Отец Варфоломей отвернулся, мелко перекрестился и пошел к своему дому, стоявшему метрах в двадцати от церкви, за кладбищенской оградой.
Разговор с Гринчуком обеспокоил его и одновременно напомнил, что забегавший вчера Тотошка, что-то бормотал невнятно о переменах в жизни и передавал настоятельную просьбу Ирины зайти.
Отец Варфоломей тяжело вздохнул. Как и Гринчук он всегда настороженно относился к происшествиям необычным и странным.

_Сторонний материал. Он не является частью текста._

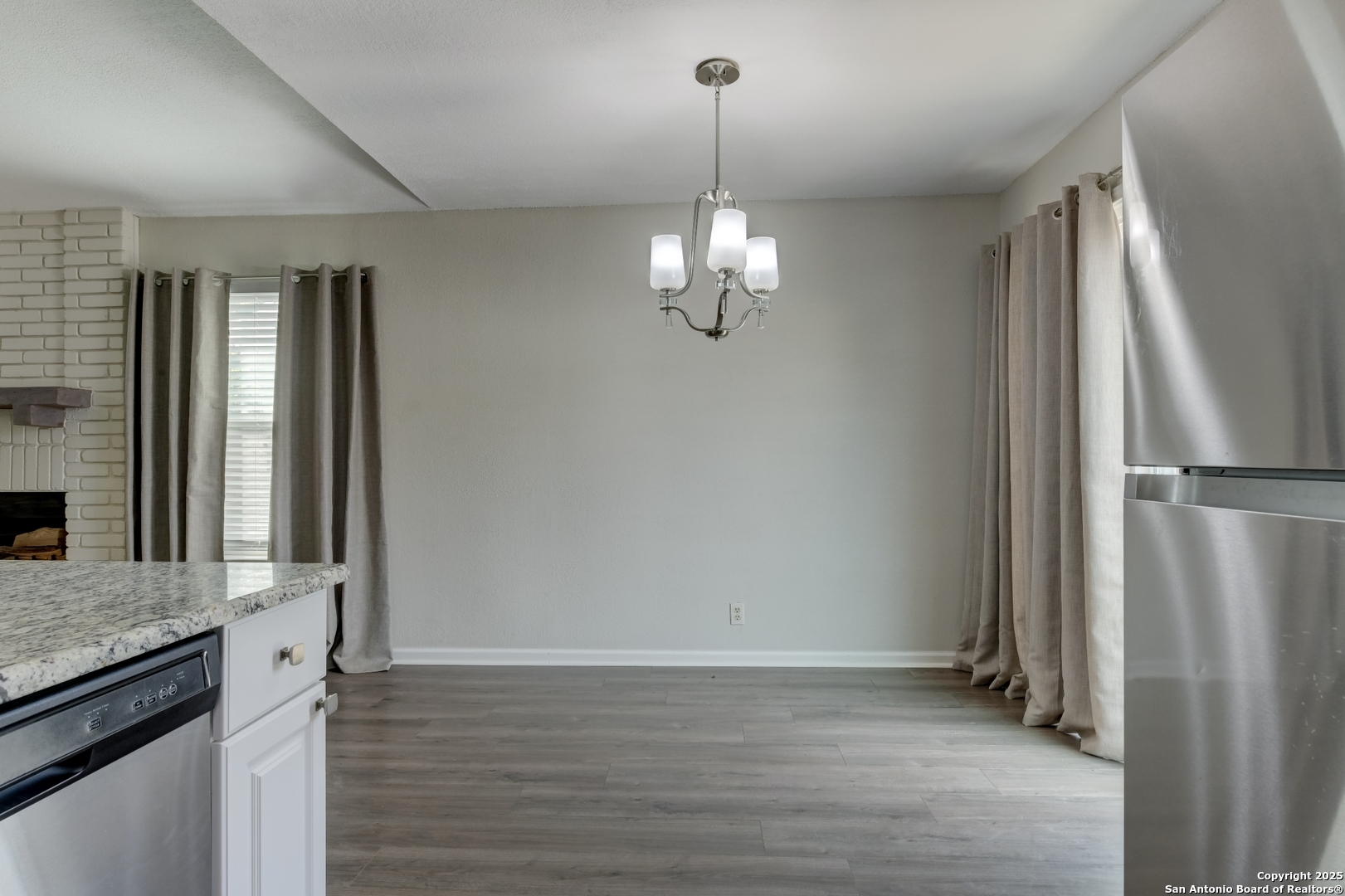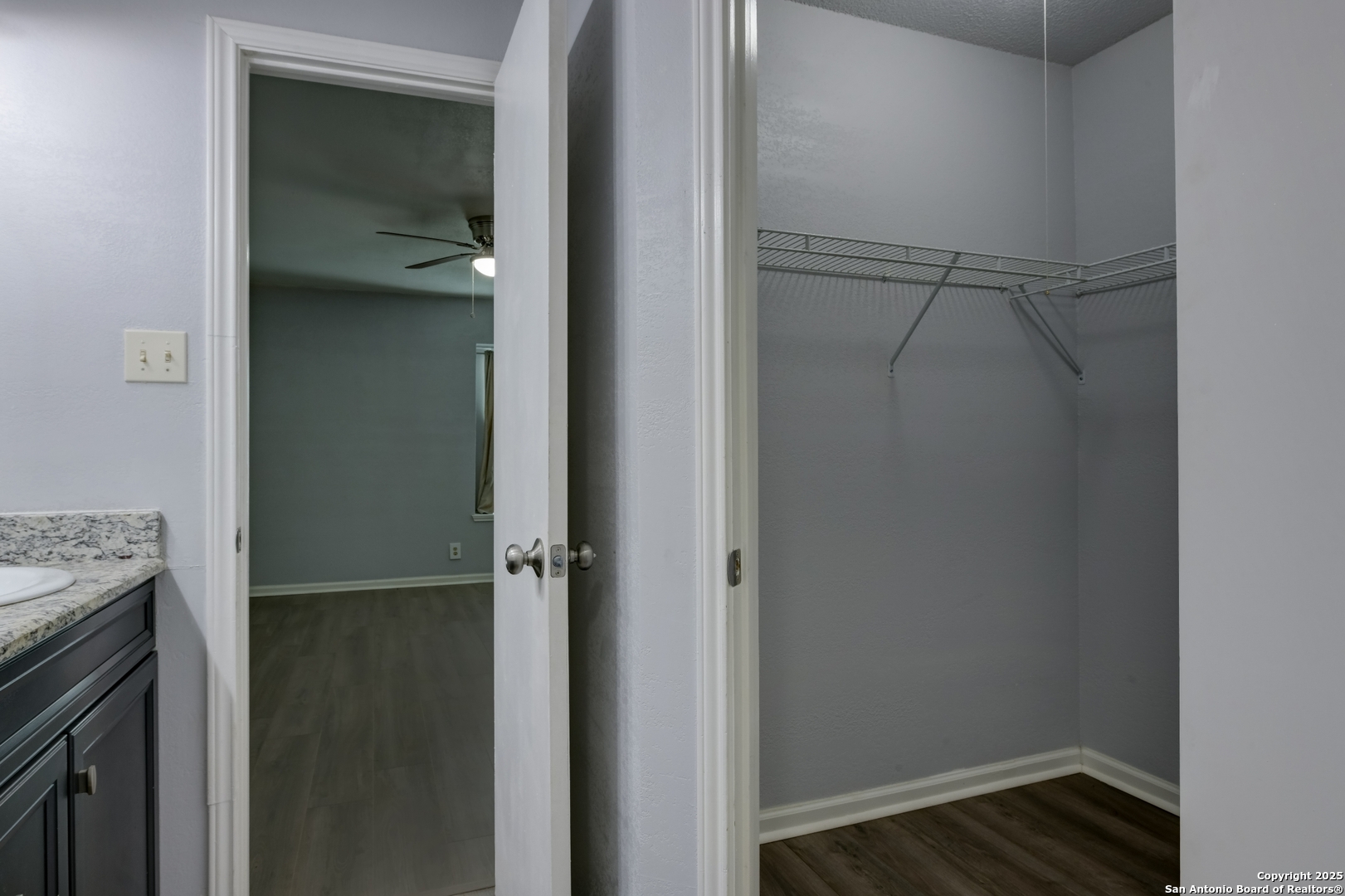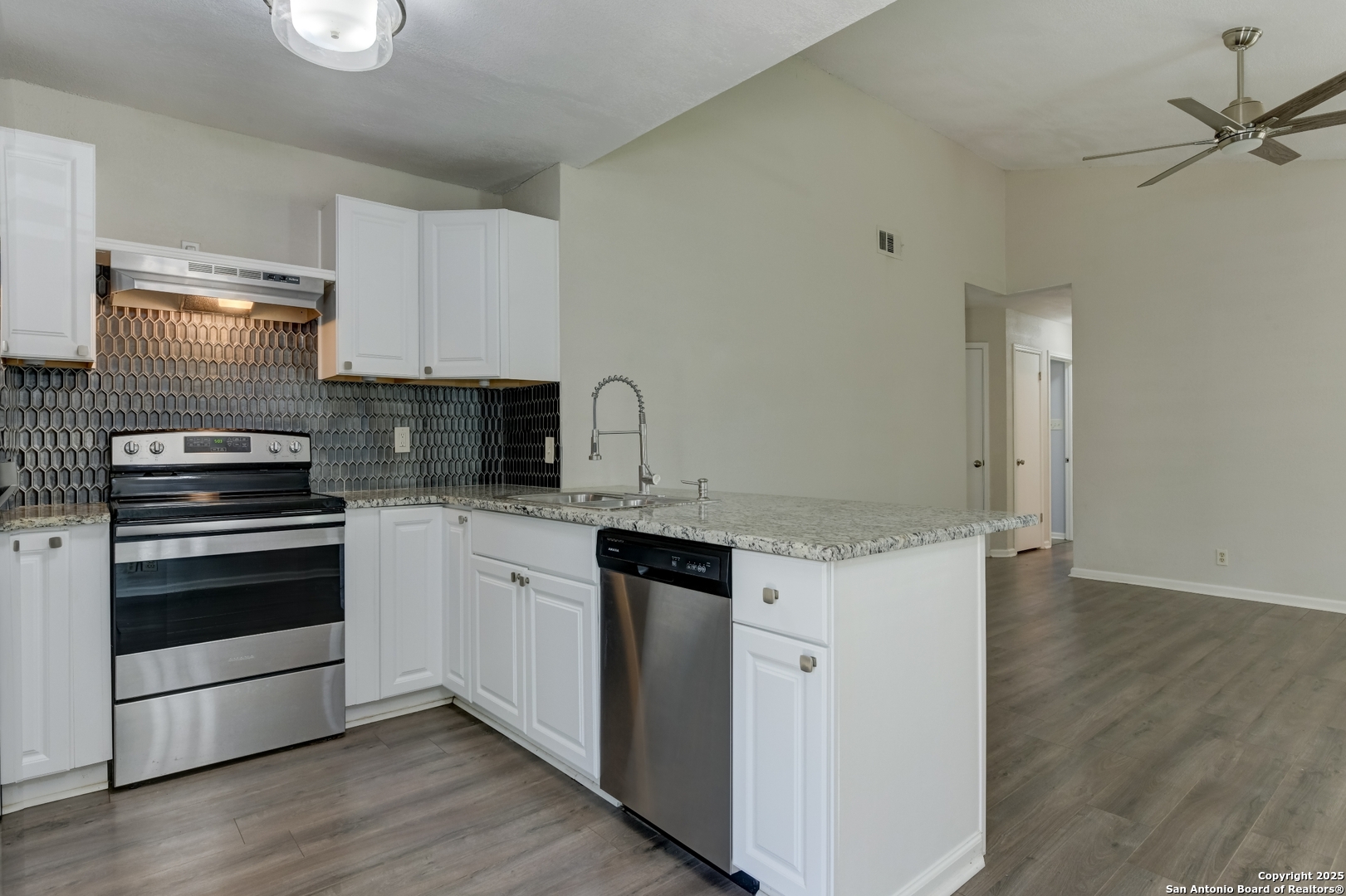 Beautifully Updated 3-Bedroom Home in Northwest Crossing This stunning, well-maintained home features 3 bedrooms, 2 full baths, and beautiful plank flooring throughout. Bright natural light fills the open floor plan, where a modern kitchen flows into the spacious living area with a cozy fireplace. The kitchen offers stainless steel appliances-including refrigerator, stove, and dishwasher-plus sleek granite countertops. The primary suite includes his and her closets and a beautifully updated bathroom with granite finishes. Each additional bedroom has a ceiling fan and plenty of closet space. Additional highlights include a one-car garage with washer and dryer, and a fenced backyard perfect for entertaining, gardening, or relaxing under the key lime tree. Located in the desirable Northwest Crossing community, you'll be within walking distance of excellent schools, parks, swimming, and hiking trails. With quick access to HWY 1604, 151, and I-10-and just minutes from shopping, hospitals, and entertainment-this home truly has it all!

К таковым на сегодняшний день относились, помимо неожиданного визита Юрки Гринчука, необычно аккуратная одежда Тотошки, его вымытый и ухоженный вид, а также то, что вот уже третий день не приходит никто из Норы за цветами на кладбище.
На предупреждение о том, что ожидаются пышные похороны и шикарные венки, Тотошка отмахнулся и сообщил, что не до мелочей теперь.
Отец Варфоломей переоделся и аккуратно переложил листок с номером мобильного телефона Гринчука в записную книжку.
– Я быстро, – ответил на вопрос жены отец Варфоломей, – нужно сходить по делу.
– Ты еще здесь долго будешь? – спросил у капитана Гринчука майор.
Гринчук, проводив взглядом фигуру отца Варфоломея, направляющуюся от дома к автобусной остановке, и покачал головой:
– Нет, пора мне. Дела, знаете ли.
Браток ждал опера в машине. Гринчук сел на переднее сидение, потянул носом:
– Что, до сих пор не куришь?
– Не-а! – не оборачиваясь к капитану, ответил Браток, – Леденцы вот грызу. Скоро совсем без зубов останусь.
– Такая вот селяви, – сочувственно кивнул Гринчук, – либо без зубов, либо с раком легких. Просто кошмар.
– Разобрались там?
– Там?
– Ну, со взрывом?
– Слышь, Браток, а ведь это тайна следствия. Нехорошо такие вопросы задавать.